Ruszył proces nożownika
W Sądzie Okręgowym w Sieradzu rozpoczął się proces Daniela M., który w maju 2023 r. śmiertelnie ranił nożem 16-letnią Oliwię. Prokuratura Okręgowa w Sieradzu zarzuca mu także usiłowanie zabójstwa pięciu innych osób, w tym czworga podopiecznych Placówki Opiekuńczo - Wychowawczej w Tomisławicach (gm. Warta, pow. sieradzki). Oskarżonemu grozi do dożywotniego pozbawienia wolności.
Oliwia i Daniel poznali się w szkole specjalnej w pobliskiej Warcie. Z czasem zostali parą. Śmiertelne w skutkach ciosy nożem miały paść w Tomisławicach w efekcie sprzeczki młodych. M. feralnego dnia zaatakował nożem na korytarzu ośrodka jeszcze pięć innych osób. Potem uciekł do rodzinnego domu w jednej z sąsiednich miejscowości. Tam odnalazła go policja.
Prokurator Beata Chałubek - Kos z Prokuratury Okręgowej w Sieradzu wspólnie z oskarżycielem posiłkowym (to matka zabitej Oliwii) i jego pełnomocnikiem złożyli dziś wniosek o wyłączenie jawności procesu z uwagi na dobro pokrzywdzonych. Sąd ten wniosek odrzucił argumentując, że sprawa tragicznych w skutkach wydarzeń w Tomisławicach była już powszechnie obecna w przestrzeni medialnej. Jednocześnie sąd zastrzegł też, że to nie oznacza, iż na dalszym etapie procesu nie zostanie on objęty wyłączeniem jawności.
Oskarżony M. odmówił dziś w sieradzkim sądzie składania wyjaśnień. Potwierdził jedynie swe zeznania złożone w postępowaniu przygotowawczym. Wcześniej odmówił udziału w eksperymencie procesowym w Tomisławicach.
Sąd podczas dzisiejszej rozprawy przesłuchiwał też w ramach postępowania dowodowego pierwszych świadków, m.in. matkę zabitej przez nożownika Oliwii. Kobieta zeznała, że jej córka poznała się z oskarżonym w szkole w Warcie. Ich relacje początkowo były koleżeńskie, jednak potem zostali parą. Z czasem Daniel miał jednak być o swą dziewczynę zazdrosny.

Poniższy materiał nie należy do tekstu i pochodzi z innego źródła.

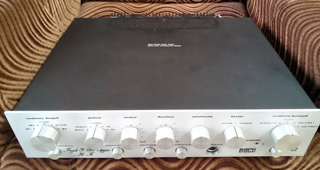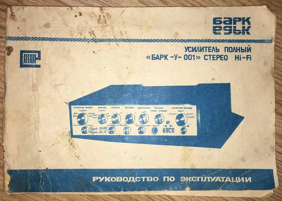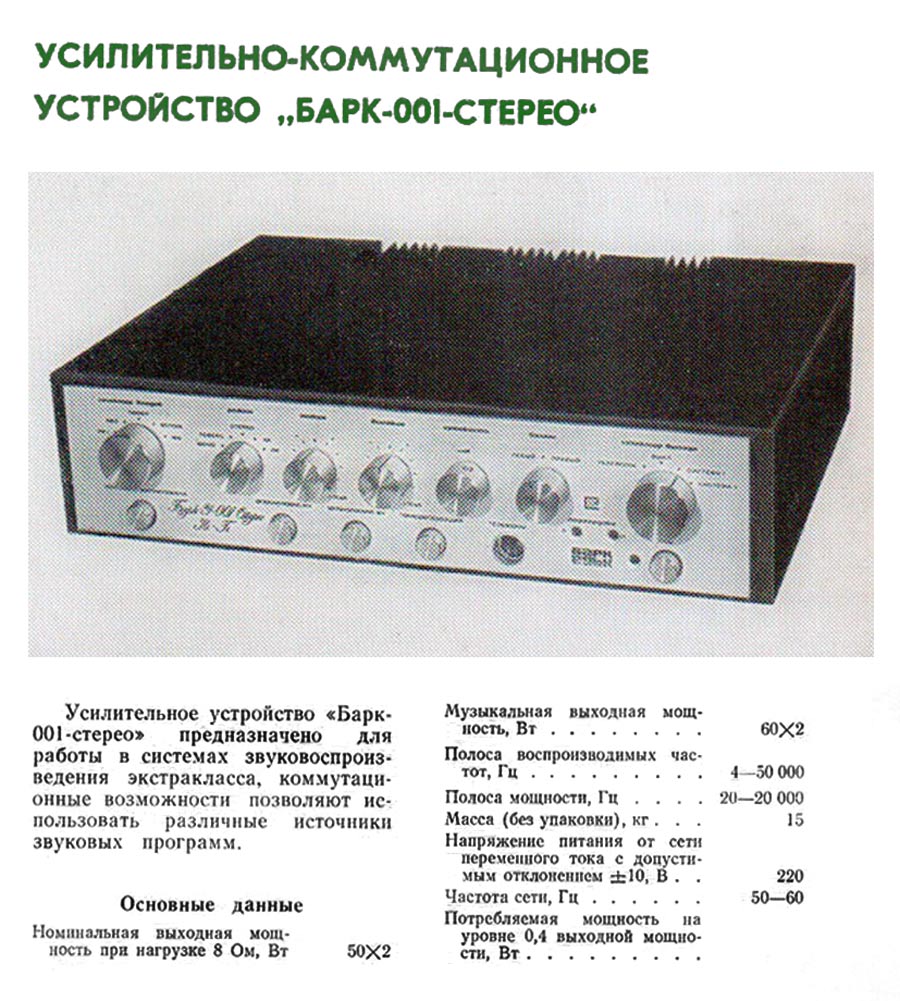Усилительно-коммутационное устройство (УКУ) *Барк-001-стерео* с I-кв 1985 года выпускал Новокаховский ПСЗ *Сокол*. УКУ является аналогом УКУ *Бриг-001-стерео, выпускаемого ещё с 1975 года и предназначено для высококачественного усиления звуковых фонограмм. В УКУ имеется ступенчатая регулировка громкости и тембра с возможность изменения АЧХ с помощью фильтров верхних и нижних звуковых частот, имеется система мягкого включения исключающая щелчки при включении и выключении усилителя, защита от короткого замыкания в нагрузке, световая индикация включения в электрическую сеть и перегрузки каналов усилителя. К УКУ можно одновременно подключить два комплекта АС или же стереофонические головные телефоны. УКУ отличает низкий уровень шума, малые интермодуляционные и гармонические искажения, высокая линейность фазовой и АЧХ. Номинальная выходная мощность- 2х50 Вт. Диапазон воспроизводимых частот звука - 20...25000 Гц. Коэффициент гармоник - 0,1%. КНИ - 0,15%. Разделение стереофонических каналов на частоте 1000 Гц - 50 дБ. Отношение сигнал/взвешенный шум для ЛВ 86 дБ. Потребляемая от сети мощность 150 Вт. Габариты УКУ - 452х372х118 мм. Масса 15 кг.

W szkole podczas przerw pomiędzy lekcjami Oliwia mogła spędzać czas i rozmawiać tylko z nim. Za próby kontaktu z kimś innym miała mieć np. wykręcane palce. Młody mężczyzna miał też zabraniać swej dziewczynie chociażby wyjazdu z matką na zakupy.

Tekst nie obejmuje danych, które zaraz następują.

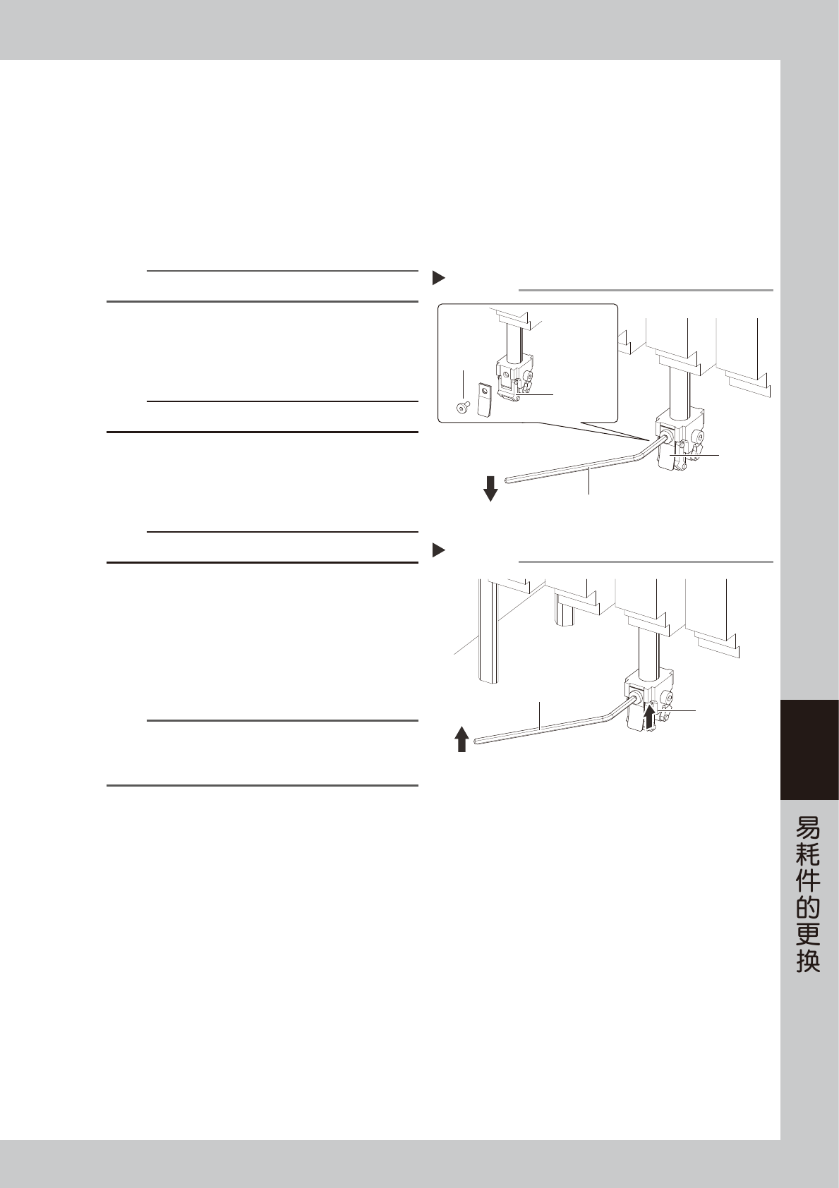 如右图所示,将滚轮轴插入吸嘴夹臂组件与新滚轮

Z zeznań oskarżonego złożonych w postępowaniu przygotowawczym wynika, że feralnego dnia odwiedził on Oliwię w ośrodku w Tomisławicach wchodząc do jej pokoju na parterze budynku przez okno (Oliwia trafiła tam w wieku 2 lat m.in. ze względu na bardzo trudne warunki bytowe w rodzinnym domu). Według Daniela w pewnym momencie doszło pomiędzy nimi do sprzeczki. Dziewczyna miała się skarżyć, że chłopak zbyt rzadko ją przytula i zapewne ma kochankę. Nie chciała też słuchać zapewnień o stałości uczucia Daniela do niej. W pewnym momencie oskarżony stracił cierpliwość, wyciągnął nóż, który jak zeznał nosił dla obrony własnej i zaczął zadawać swej partnerce ciosy. Gdy wybiegł z pokoju na korytarz zaczął również atakować nożem na oślep w jakiejś furii inne przypadkowe osoby. M. w postępowaniu przygotowawczym powiedział, że nie chciał nikogo zabić, ani zrobić nikomu krzywdy. Sam nie do końca rozumie co się tego dnia z nim stało.
Oskarżonemu, który nie był wcześniej karany, grozi do dożywotniego pozbawienia wolności.